===== Records for this exercise =====

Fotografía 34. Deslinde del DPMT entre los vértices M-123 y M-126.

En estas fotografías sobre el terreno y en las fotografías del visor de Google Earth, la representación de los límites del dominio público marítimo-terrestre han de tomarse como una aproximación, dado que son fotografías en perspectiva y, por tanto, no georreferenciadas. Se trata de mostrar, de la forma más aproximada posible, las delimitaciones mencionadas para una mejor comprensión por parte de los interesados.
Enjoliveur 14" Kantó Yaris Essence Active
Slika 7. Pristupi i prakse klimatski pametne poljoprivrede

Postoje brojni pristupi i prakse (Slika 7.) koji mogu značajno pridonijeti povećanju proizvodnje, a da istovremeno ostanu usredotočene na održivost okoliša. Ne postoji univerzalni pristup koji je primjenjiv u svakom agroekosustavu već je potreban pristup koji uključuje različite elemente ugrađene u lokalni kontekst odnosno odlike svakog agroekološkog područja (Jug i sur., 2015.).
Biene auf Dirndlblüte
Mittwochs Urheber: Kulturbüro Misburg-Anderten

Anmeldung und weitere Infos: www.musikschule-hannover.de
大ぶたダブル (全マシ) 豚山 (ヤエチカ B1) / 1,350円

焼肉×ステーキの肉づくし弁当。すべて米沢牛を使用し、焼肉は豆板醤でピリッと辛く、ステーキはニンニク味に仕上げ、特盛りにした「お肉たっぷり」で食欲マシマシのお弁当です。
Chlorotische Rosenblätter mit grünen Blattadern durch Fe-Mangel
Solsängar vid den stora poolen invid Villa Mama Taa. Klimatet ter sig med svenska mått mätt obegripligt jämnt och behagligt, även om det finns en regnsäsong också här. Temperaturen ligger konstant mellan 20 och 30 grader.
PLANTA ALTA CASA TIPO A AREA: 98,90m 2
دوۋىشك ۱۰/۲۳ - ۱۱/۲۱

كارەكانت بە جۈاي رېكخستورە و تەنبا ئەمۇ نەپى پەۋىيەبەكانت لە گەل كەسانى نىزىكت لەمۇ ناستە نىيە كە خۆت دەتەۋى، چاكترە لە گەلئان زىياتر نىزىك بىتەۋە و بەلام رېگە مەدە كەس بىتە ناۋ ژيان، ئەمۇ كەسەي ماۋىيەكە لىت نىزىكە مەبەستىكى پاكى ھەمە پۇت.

=====
===== Records for this exercise =====

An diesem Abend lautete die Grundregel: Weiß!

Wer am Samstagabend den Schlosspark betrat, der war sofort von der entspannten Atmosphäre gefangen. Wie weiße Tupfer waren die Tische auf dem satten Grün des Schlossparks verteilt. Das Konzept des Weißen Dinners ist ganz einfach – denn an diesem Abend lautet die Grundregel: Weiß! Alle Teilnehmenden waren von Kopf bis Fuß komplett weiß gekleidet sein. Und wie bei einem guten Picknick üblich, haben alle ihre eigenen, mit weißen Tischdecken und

=====
===== Records for this exercise =====

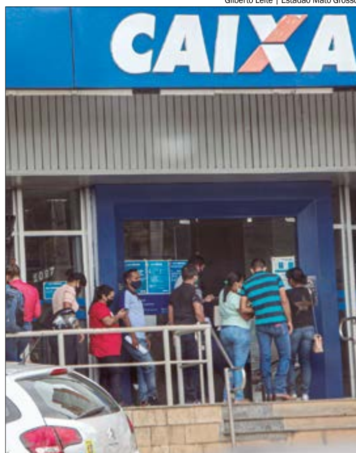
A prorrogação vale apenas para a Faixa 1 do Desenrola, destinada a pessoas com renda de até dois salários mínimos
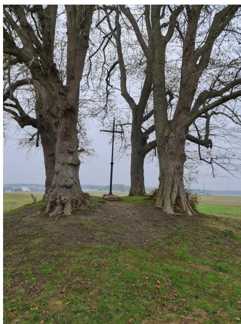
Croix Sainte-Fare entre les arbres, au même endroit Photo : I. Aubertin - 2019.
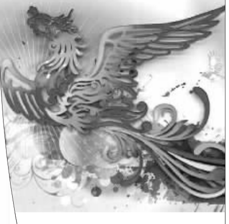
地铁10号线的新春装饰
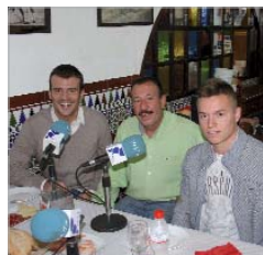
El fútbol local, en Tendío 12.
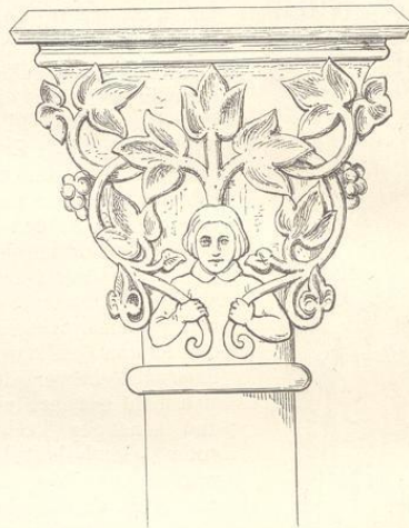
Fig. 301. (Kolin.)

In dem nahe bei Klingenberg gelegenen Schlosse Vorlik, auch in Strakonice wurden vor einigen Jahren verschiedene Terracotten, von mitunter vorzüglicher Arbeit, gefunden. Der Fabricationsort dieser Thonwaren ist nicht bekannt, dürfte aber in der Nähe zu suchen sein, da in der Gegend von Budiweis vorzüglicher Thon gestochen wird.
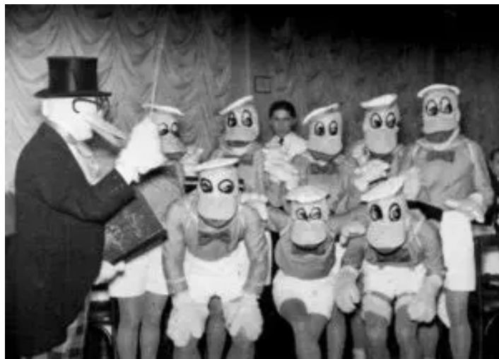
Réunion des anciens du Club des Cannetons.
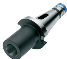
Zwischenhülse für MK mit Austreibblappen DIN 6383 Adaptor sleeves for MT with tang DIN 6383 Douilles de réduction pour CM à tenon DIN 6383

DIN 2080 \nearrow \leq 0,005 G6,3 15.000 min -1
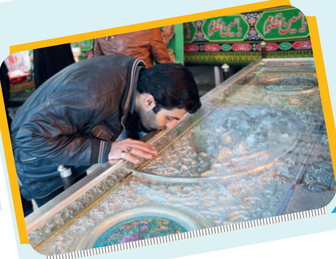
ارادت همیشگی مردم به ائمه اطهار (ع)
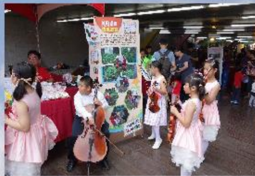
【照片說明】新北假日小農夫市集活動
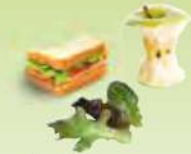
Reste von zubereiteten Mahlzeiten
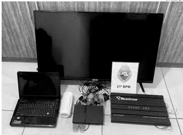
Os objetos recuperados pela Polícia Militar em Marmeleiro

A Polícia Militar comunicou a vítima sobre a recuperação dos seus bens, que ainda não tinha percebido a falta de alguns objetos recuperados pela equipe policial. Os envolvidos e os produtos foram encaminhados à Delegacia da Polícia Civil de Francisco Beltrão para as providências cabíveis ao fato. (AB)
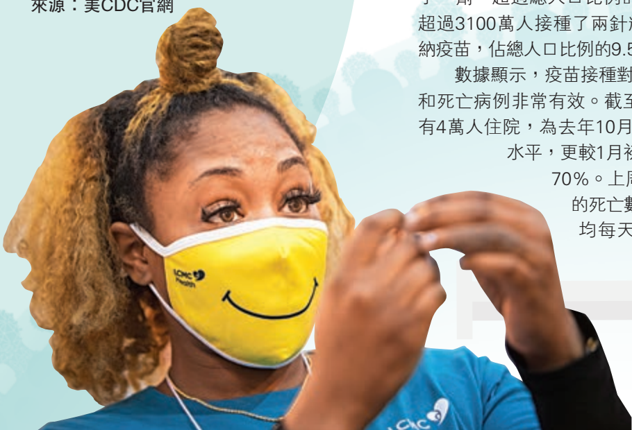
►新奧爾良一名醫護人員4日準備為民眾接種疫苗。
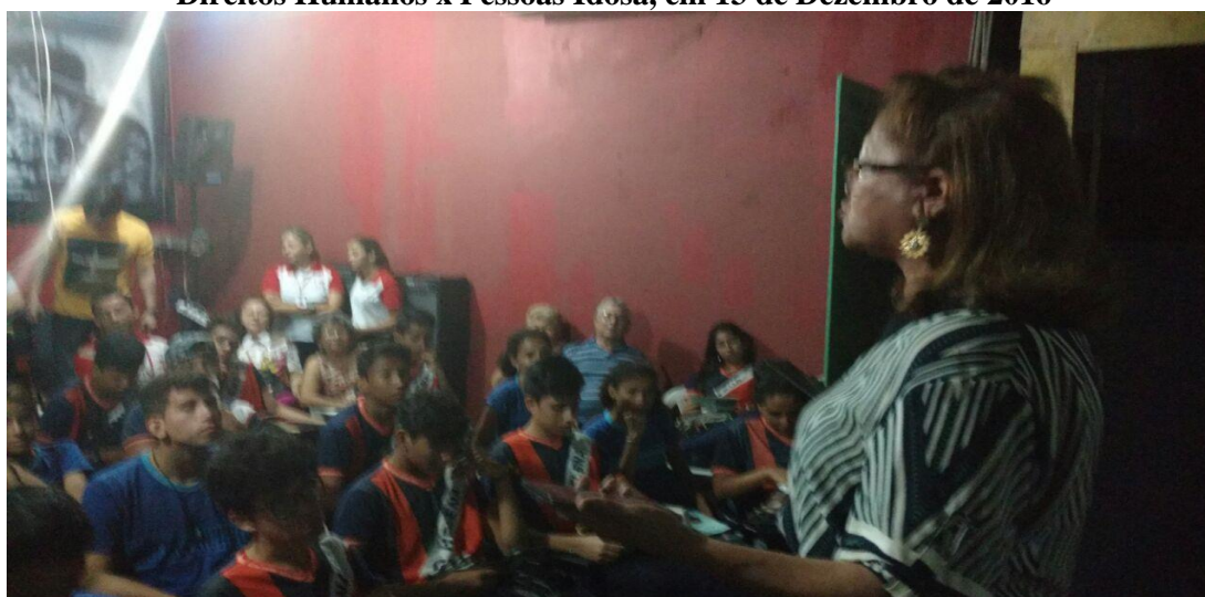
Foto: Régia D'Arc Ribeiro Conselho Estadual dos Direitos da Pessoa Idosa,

=====

Assignment
Could you retype exactly the lines above, starting at the line that contains "Postoje brojni pristupi" and ending at the line that contains "Mittwochs Urheber: Kulturbüro", and nothing more?

Output for this task
Postoje brojni pristupi i prakse (Slika 7.) koji mogu značajno pridonijeti povećanju proizvodnje, a da istovremeno ostanu usredotočene na održivost okoliša. Ne postoji univerzalni pristup koji je primjenjiv u svakom agroekosustavu već je potreban pristup koji uključuje različite elemente ugrađene u lokalni kontekst odnosno odlike svakog agroekološkog područja (Jug i sur., 2015.).
Biene auf Dirndlblüte
Mittwochs Urheber: Kulturbüro Misburg-Anderten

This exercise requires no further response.